Editorials

Editorial: Town, Liquor Authority make strange bedfollows

It isn’t clear how effective the strategy may turn out to be, but you’ve got to give the town credit for ingenuity in seeking to resolve some basic zoning and land use issues by calling in the State Liquor Authority.

As our cover story this week reports, the town filed formal objections to liquor license applications from an inn, a B&B and a winery. Leaving to another day a review of how much of the town’s economy is based, at least in part, on alcohol sales and consumption, it’s interesting to see that one way to get a business owner’s attention is to threaten the liquor license. In at least one case, it appears to be working. The town and the new owner of the former Blue Dolphin in East Marion, soon to reopen as the Blue Inn, have held discussions on addressing the noise complaints that the business regularly generated before it closed two years ago. Both say the talks, while not yet completed, have been fruitful.

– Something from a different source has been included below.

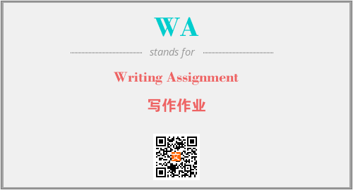 英文缩略词“WA”经常作为“Writing Assignment”的英文缩写来使用,中文表示:“写作作业”。本文将详细介绍英文缩写词WA所代表英文单词,其对应的中文拼音、详细解释以及在英语中的流行度。此外,还有关于缩略词WA的分类、应用领域及相关应用示例等。

When he bought the property, Sam Glass unfortunately also acquired the place’s less-than-sterling reputation. Fair or not, the sins of the previous owners are being visited upon him.

Looking at it from another perspective, both town and owner can make a fresh start and work cooperatively on ways the inn can prosper without causing the neighbors to suffer. It’s unrealistic to think that the inn will never again generate a noise complaint, but at the moment the prospects for a peaceful future far outweigh the problems of the past.